■ Task prompt ■
The answer must be an exact copy of the lines from the one containing "acrylic; 393 yards/360m)" through the last line of the records, with the pictures left out.

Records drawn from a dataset
=-=-=-=-=

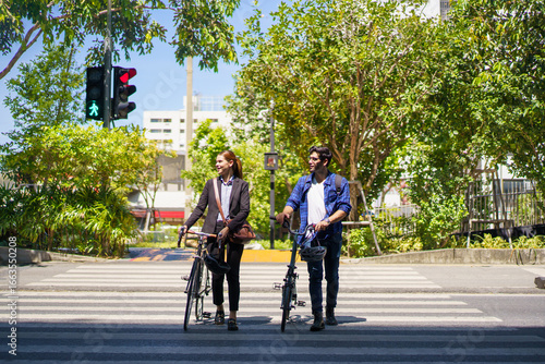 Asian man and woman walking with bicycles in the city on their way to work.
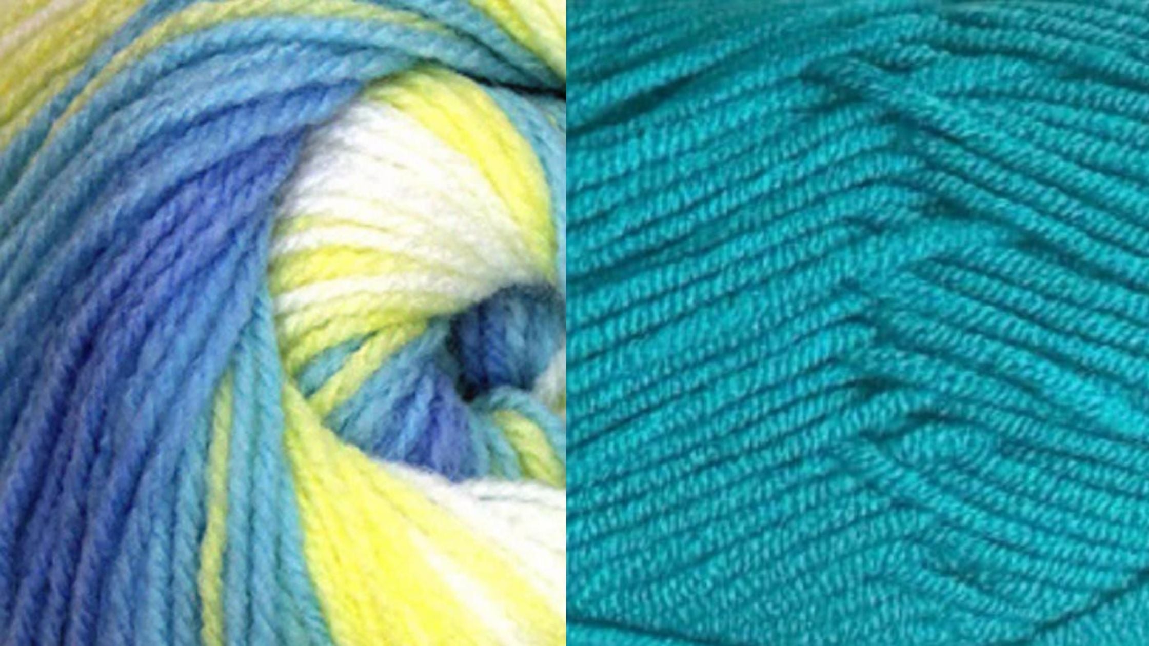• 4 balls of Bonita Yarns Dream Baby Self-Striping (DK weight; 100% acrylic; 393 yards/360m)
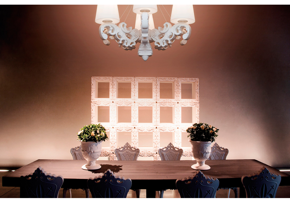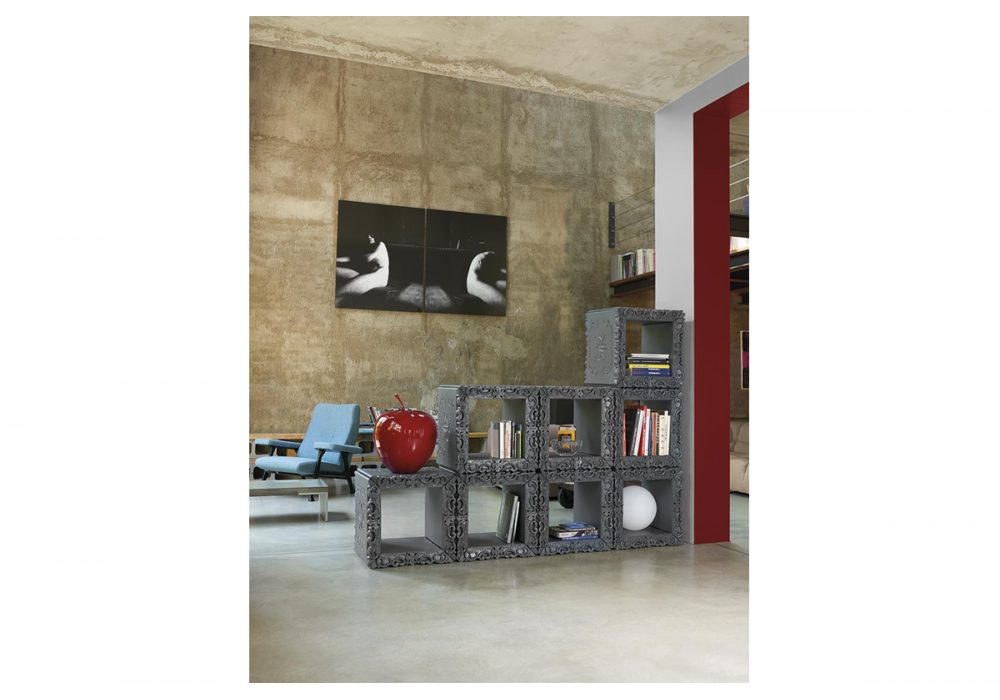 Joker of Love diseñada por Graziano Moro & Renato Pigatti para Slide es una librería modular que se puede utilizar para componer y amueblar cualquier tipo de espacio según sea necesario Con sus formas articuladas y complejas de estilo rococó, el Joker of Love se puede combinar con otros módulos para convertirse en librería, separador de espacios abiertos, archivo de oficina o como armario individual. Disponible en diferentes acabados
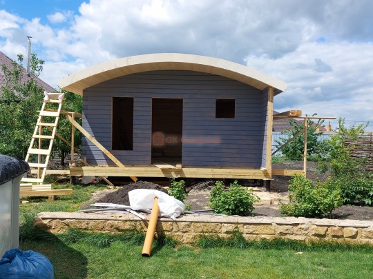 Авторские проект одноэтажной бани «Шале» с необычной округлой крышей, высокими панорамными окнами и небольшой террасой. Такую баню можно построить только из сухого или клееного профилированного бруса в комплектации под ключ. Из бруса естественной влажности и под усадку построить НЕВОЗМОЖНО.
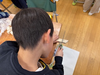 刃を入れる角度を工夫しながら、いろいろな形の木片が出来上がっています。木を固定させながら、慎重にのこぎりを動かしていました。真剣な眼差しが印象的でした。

=-=-=-=-=

■ Solved exercise ■
• 4 balls of Bonita Yarns Dream Baby Self-Striping (DK weight; 100% acrylic; 393 yards/360m)
 Joker of Love diseñada por Graziano Moro & Renato Pigatti para Slide es una librería modular que se puede utilizar para componer y amueblar cualquier tipo de espacio según sea necesario Con sus formas articuladas y complejas de estilo rococó, el Joker of Love se puede combinar con otros módulos para convertirse en librería, separador de espacios abiertos, archivo de oficina o como armario individual. Disponible en diferentes acabados
 Авторские проект одноэтажной бани «Шале» с необычной округлой крышей, высокими панорамными окнами и небольшой террасой. Такую баню можно построить только из сухого или клееного профилированного бруса в комплектации под ключ. Из бруса естественной влажности и под усадку построить НЕВОЗМОЖНО.
 刃を入れる角度を工夫しながら、いろいろな形の木片が出来上がっています。木を固定させながら、慎重にのこぎりを動かしていました。真剣な眼差しが印象的でした。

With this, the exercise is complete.